Just asking

“Always the beautiful answer who asks a more beautiful question.”
—E.E. Cummings, from his introduction to New Poems -or- enfolded into Poems: 1923-1954

Cummings is one of my cornerstones. Mostly for the inventiveness within his poems—you can see his profound influence on my work in any of my poems—but also for his odd epigrams. They’re very nearly poems themselves, I think.

Witness this one.

Chasing it down, I bumped into a writer whose blog takes this quote as its title-! She sees the quote as another way of thinking about Christ’s calling us to love in community, a wonderful calling that I agree with whole-heartedly. (She writes strong posts; go read her stuff!) She has a persuasive interpretation—over and above it being hers and therefore…well, true and valid as she writes it.

But this thinking is not what’s embedded the quote into my thinking.

In fact, the quote had bubbled back through my head as I was sending an article off to a friend. She and I shared a wide-ranging conversation yesterday, and the article offered a new way of slicing one of the ideas we’d tossed between us. No doubt I acquired the habit in my time as a liberal-arts person in a crowd of engineers, but I am perennially drawn toward expressing any given difficulty as precisely as I can figure out. Somehow I am intuitively convinced that all questions can be answered… but only if you’re asking the proper question. Is a tech support person productive? Let’s count how many support tickets they close! Oh, wait… the tech is answering the phone, opening a ticket, hanging up on the caller, and closing the ticket. Guess we didn’t ask that question very well, because that’s a horrible answer. So how do we ask it differently?

I am forever asking and re-asking questions, and studying the beauty of the answers.

 

I see Cummings’ quote as poem-like in that it holds her thinking and my thinking without straining.
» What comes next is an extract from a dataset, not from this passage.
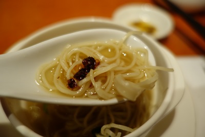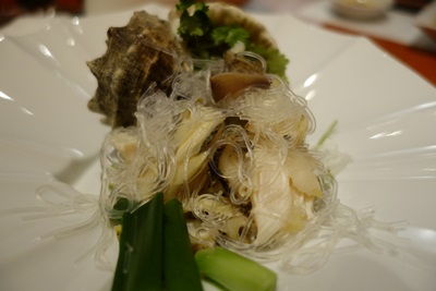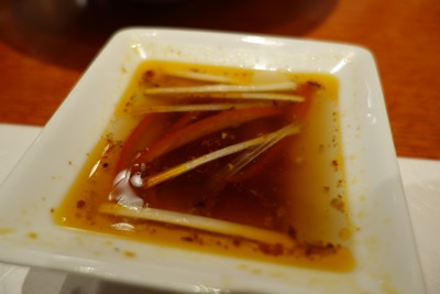 さて、先ほどご紹介いたしました香港海鮮料理のせがわさんの続きをご紹介いたします。見ても楽しい、そしてとってもおいしい手作りのお料理の数々をワンプレートで楽しんだあとに登場したのは、貝でした!たぶんニシ貝だったとおもいますが、ソテーしてありまして特製のラー油が入ったタレにつけていただきます。タレといいますか出汁といいますか、これが本当にうまい!貝の食感もほどよく残してあり、出汁と特製ラー油が抜群のコラボです!
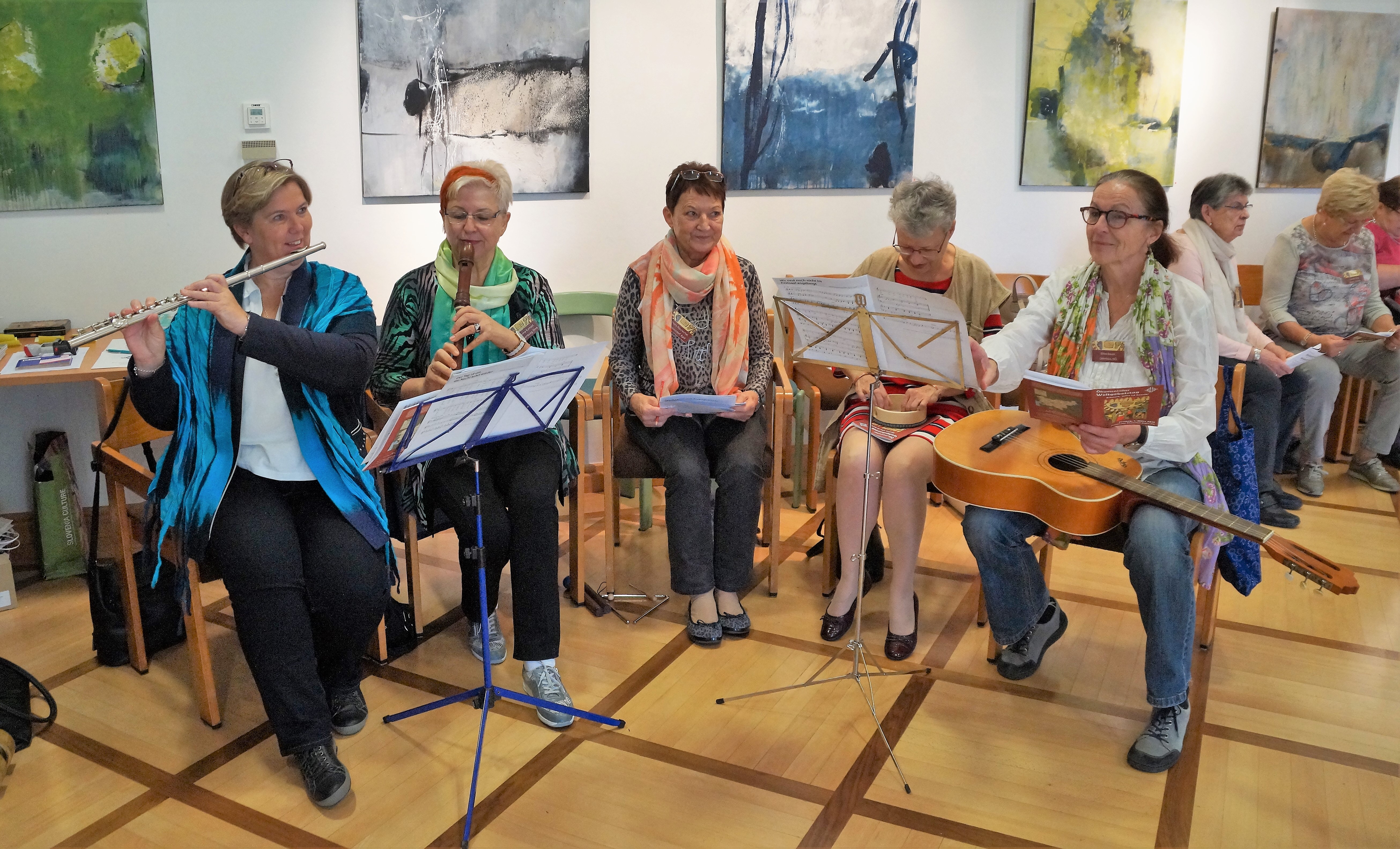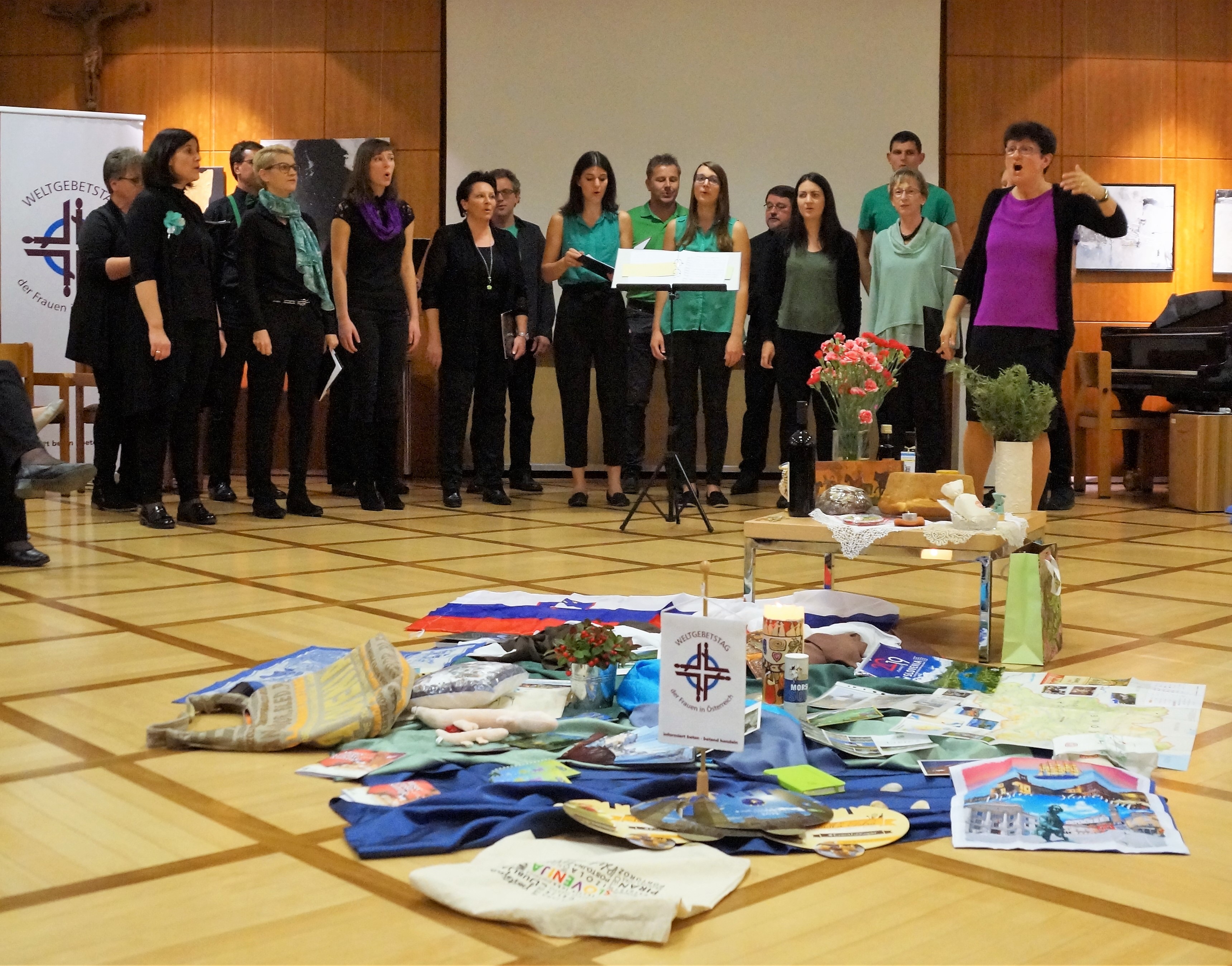 Auch der Samstagabend fand ganz im Zeichen des Schwerpunktlandes Slowenien statt. Der Chor Skupina Akzent trug den begeisterten Teilnehmerinnen mehrere Volkslieder und auch Kirchenlieder in slowenisch und englisch vor.

Even though our ‘handles’ for the sentence have very little in common! Yesterday I read a good exhortation by the poet and NYTimes poetry editor Matthew Zapruder that included this:

By being placed into the machine of a poem, language can become alive again. It is both what it is and what it means, but also something that is greater than the ordinary.

That in itself seems like a beautiful answer to my answer. Ask another question!

 

 

ps: my commonplace book also includes:

“many parents wouldn’t exist if their children had been a little more careful”
—E.E. Cummings, Jottings #16  (thanks to Michael Dylan Welch for a neat paper in SPRING and a citation!)